昨日までのふわふわした雰囲気は跡形も無く、今は全員が真剣な表情だ。
「さて、ようやく集まったか。――おい、遅刻者」
「は、はいっ」
ボーデヴィッヒは背筋をぴっと伸ばすと、覚悟を決めたように息を飲む。
珍しいことに、ボーデヴィッヒが寝坊して遅刻してきたのだ。ドイツにいた頃を思い出したのか、駆け込んできたときのボーデヴィッヒの表情は、まさしくこの世の終わり、と言った様子だった。織斑先生の制裁の恐ろしさは身に染みて分かっているだろう。
何というか気の毒でしたか無い。
「そうだな、ISのコア・ネットワークについて説明してみせろ」
「は、はい。コア・ネットワークというのは――」
ボーデヴィッヒの説明が続く。
コア・ネットワークとは、広大な宇宙空間での通信システムとしてISのコア間でネットワークを形成しているシステムで、基本的に全てのISが持っているものだ。オープン・チャネルやプライベート・チャネルなどの機能もこれの一部だ。操縦者同士の意識が共鳴し、
まぁ、実際に体験した事が無いから、本当か如何かは、さっぱりだがな。
「以上です」
「ふむ、流石に優秀だな。今回のことは不問にしよう」
ボーデヴィッヒは心から胸をなでおろしたようだった。
「さて、それでは各班ごとに振り分けられたISの装備試験を行うように、専用機持ちは専用パーツのテストだ。全員迅速に行え」
はーい、と返事をする生徒たち、全員がさささとすぐに移動する。
そして、専用機持ち達で、集まった時に俺以外のメンバーは、ちょっとした違和感を感じた。

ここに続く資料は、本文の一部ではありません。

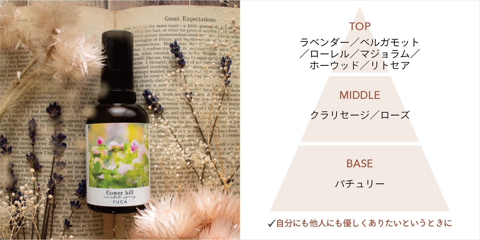 優しく繊細な香り立ちで、自然に揮発していきますので、強い香りが苦手な方にもおすすめです。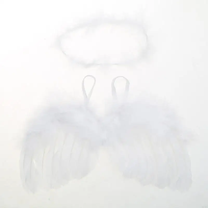 2 unids/lote de alas de plumas de Ángel para bebé recién nacido con diadema, traje infantil, accesorios para fotos, disfraz de Halloween Unisex - imagen 5

「ちょっと待ってください。箒は専用機を持ってないでしょう」
凰が織斑先生に尋ねた。
今この場にいるのは俺と織斑、凰、オルコット、デュノア、ボーデヴィッヒ、織斑先生・・・・・・そして篠ノ之だ、教師である織斑先生を除いて篠ノ之だけが専用機を持っていない為、凰は尋ねたのであった。
「私から説明しよう。実はだな・・・・」
織斑先生がそのことを説明しようとしたその時。
「ち~ちゃ~ん!」
その言葉を遮る様に、崖の方から声が聞こえて来た。
まさか、このタイミングで、しかもかなり目立つ事をしながら、我らが天災さんが崖を駆け下りて来た。
そして、その姿を確認した、俺を除いた3人、織斑姉弟と篠ノ之が、露骨に嫌な顔をした。
其処まで、嫌われているのかよあの人。
ちなみに作業中の生徒は、先生ですらみんな手を止めてポカンとしている。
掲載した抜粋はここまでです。